* _DATASET CONTENT_
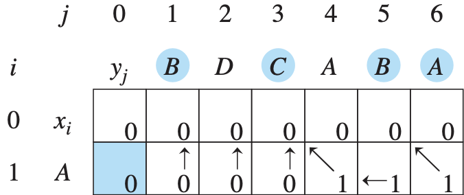 - 여기서 [A,C]의 의미는 'A'와 'BDC'사이의 LCS길이를 의미한다.
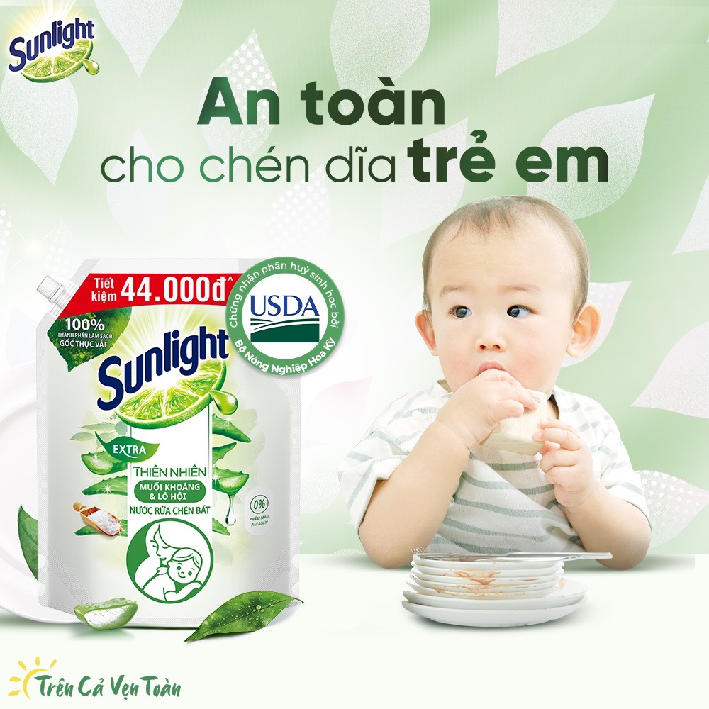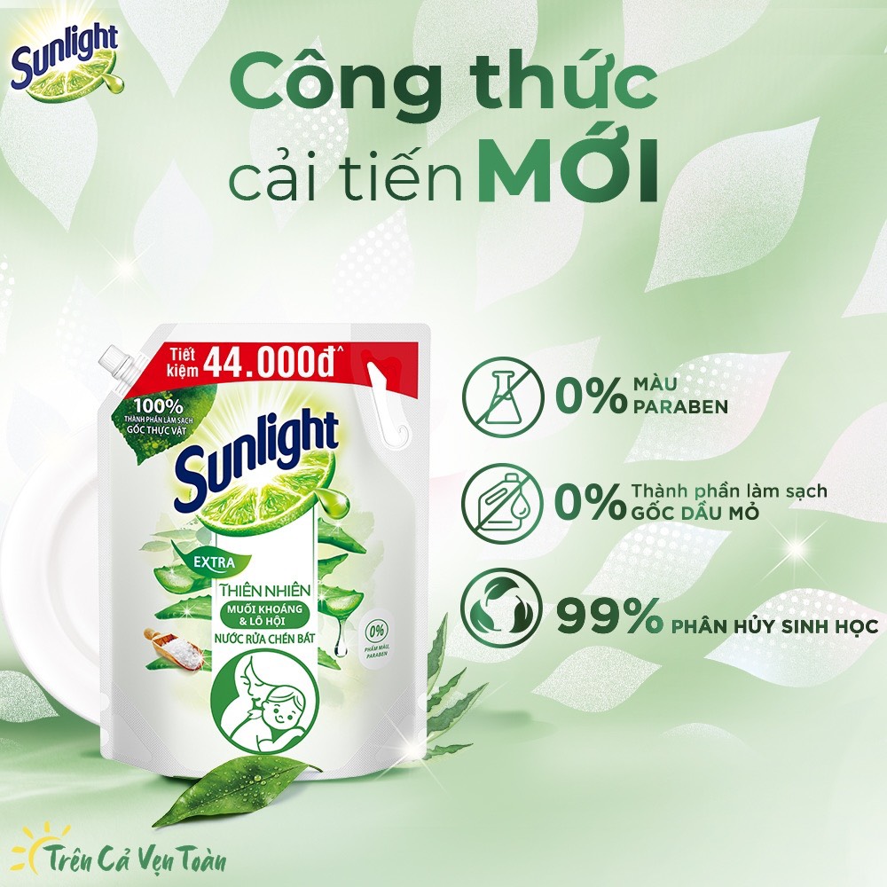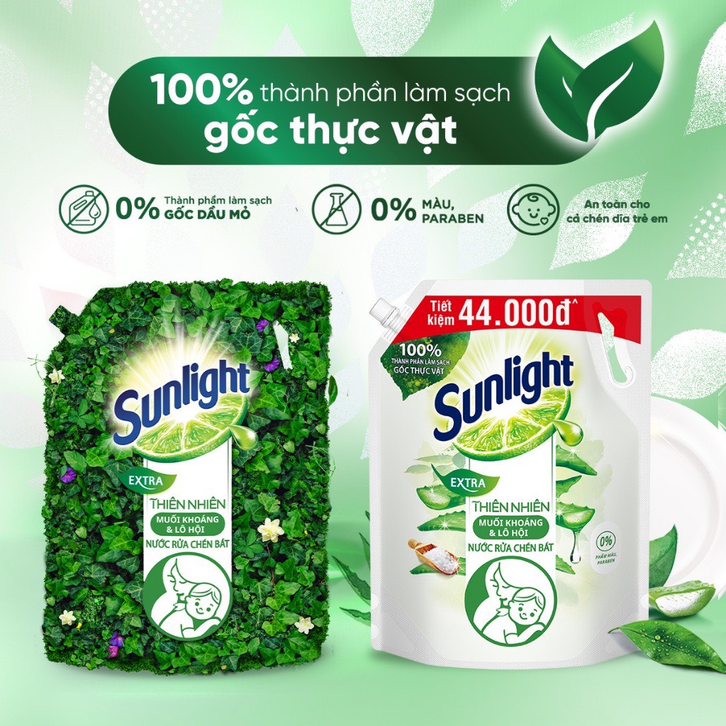 Sunlight Muối Khoáng & Lô Hội: Chiết xuất lô lô (100 ppm), Magiê Sulfate (Muối Khoáng 0,7%), Chiết xuất Chánh (100 ppm), Natri Linear Alkybenzen Sulfonate, Natri Laureth Sulfate, Cocamidopropyl Betaine, Chi ất thơm, Hydantoin , Tetrasodium EDTA, Methylchloroisothiazolinone, Methylisothiazolinone, Nước Sunlight Trà Nhật: Chiết xuất Trà xanh Matcha Nhật Bản (25ppm); Chiết xuất Chánh (10ppm), Natri Linear Alkylbenzen Sulfonate, Natri Laureth Sulfate, Cocamidopropyl Betaine, Magiê Sulfate, Chất thơm (chứa) tinh dầu Cam (240 ppm), tinh dầu Bạch Đàn (0,12ppm)), Hydantoin, Tetrasodium EDTA, Methylchloroisothiazonlinone, Methylisothiazolinone, CI 19140, CI 42051, Nước.
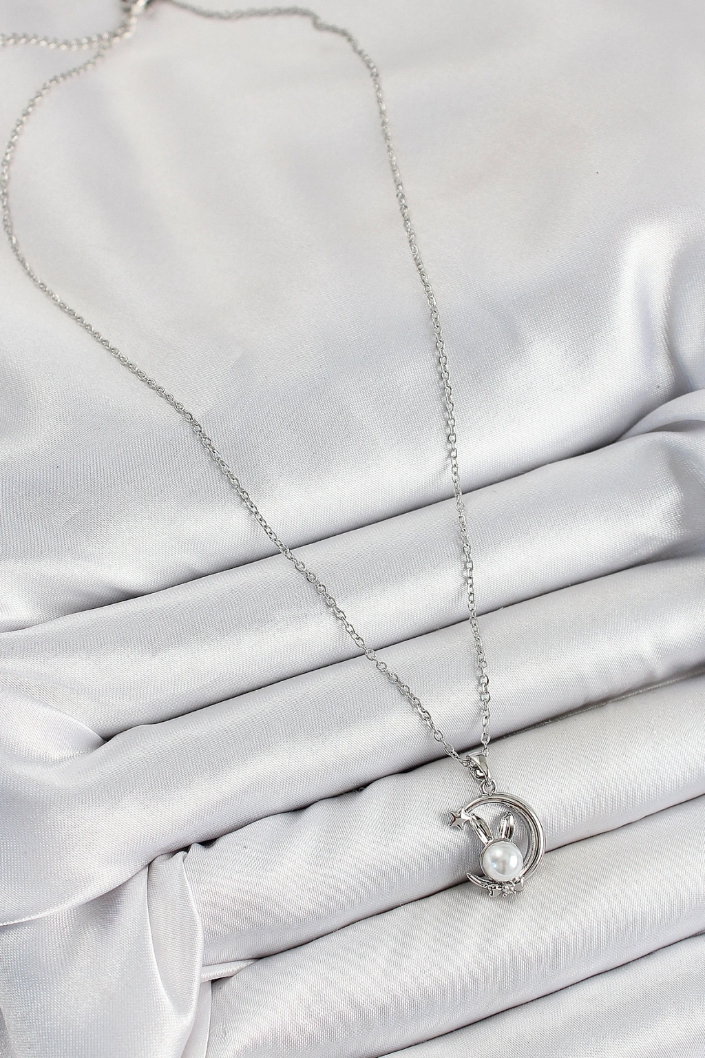 316L Çelik İnci Detaylı Hilal Tavşan Model Gümüş Renk Kadın Kolye

* _ASSIGNMENT_
Omit the pictures, then copy out all the data exactly as it stands.

* _ANSWER FOR THIS EXERCISE_
 - 여기서 [A,C]의 의미는 'A'와 'BDC'사이의 LCS길이를 의미한다.
 Sunlight Muối Khoáng & Lô Hội: Chiết xuất lô lô (100 ppm), Magiê Sulfate (Muối Khoáng 0,7%), Chiết xuất Chánh (100 ppm), Natri Linear Alkybenzen Sulfonate, Natri Laureth Sulfate, Cocamidopropyl Betaine, Chi ất thơm, Hydantoin , Tetrasodium EDTA, Methylchloroisothiazolinone, Methylisothiazolinone, Nước Sunlight Trà Nhật: Chiết xuất Trà xanh Matcha Nhật Bản (25ppm); Chiết xuất Chánh (10ppm), Natri Linear Alkylbenzen Sulfonate, Natri Laureth Sulfate, Cocamidopropyl Betaine, Magiê Sulfate, Chất thơm (chứa) tinh dầu Cam (240 ppm), tinh dầu Bạch Đàn (0,12ppm)), Hydantoin, Tetrasodium EDTA, Methylchloroisothiazonlinone, Methylisothiazolinone, CI 19140, CI 42051, Nước.
 316L Çelik İnci Detaylı Hilal Tavşan Model Gümüş Renk Kadın Kolye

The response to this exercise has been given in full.